Imagine my surprise when I received an email from my boss that read, 'Welcome back! We've confirmed a position for you in the Bangalore office!'.

In the initial moments after receiving the email, Tal and I were elated! How wonderful that everything was going to work out! And then we realized… I needed a new visa.  Several weeks prior, as part of our plan B, I'd applied for and received a spousal visa -but I wouldn't legally be able to work in India without different documentation.   

After several days and many, many emails with both our offices, we realized that I would have to cancel my flights and wait out a new visa from within the US.  On June 15th, a week after we left NYC, Tal moved on to London (and then India) to start our adventure, and I returned to my parents' house in Upstate New York to wait for the arrival of the paperwork I needed from my company.

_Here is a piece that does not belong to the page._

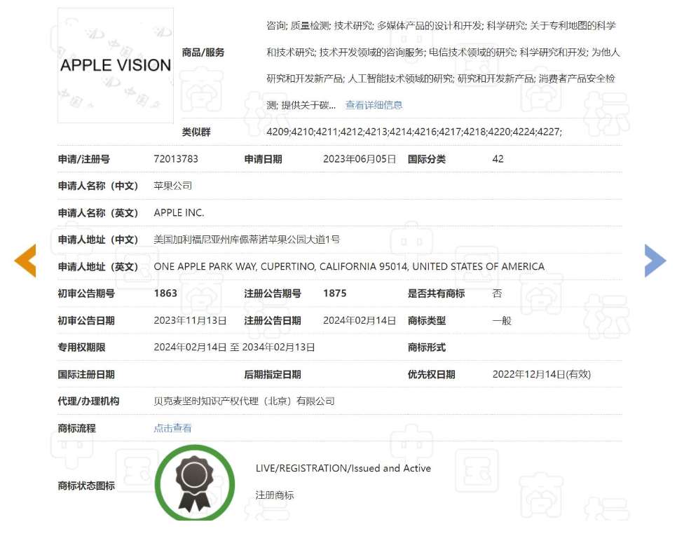 另一种可能是,苹果或会选择“Apple Vision”这个已经获批的商标。

After nearly two weeks and a seemingly infinite number of emails, a plan started to take shape. I was beginning to hear about deadlines from my company, instead of just placations.  It was at this point that I decide to gamble a bit.  Despite not yet having any of the documents I needed, I made an appointment for 9am July 2nd, in NYC, to file my visa paperwork. Then I booked a flight to India for July 5th.

Because we are nine and half hours behind Bangalore, I spent every single night after that waking up anxiously, hour after hour, to check my email, hoping the paperwork had come through.

At 5am on the morning of my visa appointment I finally received an email with the documents I needed to file.  At 7am I left my friends' apartment in Brooklyn, and made my way to a Kinkos in Manhattan. At 9am I was in line with 30 or so other nervous looking people, each of us hoping we had everything in order, and would be granted Indian visas.

At 9am the next day I received a cryptic text message from the consulate saying that I could come pick up my documents that very afternoon. I was cautiously hopeful that this meant I'd received my visa.

It would only be a slight exaggeration to say that that was the longest day of my life. But at 4:30pm I was ushered back up the steep stairway to the visa office and sure enough, I was handed back my passport, stamped with a work visa, valid for one year. 

"Ecstatic" wouldn't even begin to describe how was ( I am still...) feeling.

So here I am, one month after I moved out of NYC, three weeks after I said goodbye to Tal, and I SWEAR several gray hairs richer- on a Lufthansa flight to Bangalore.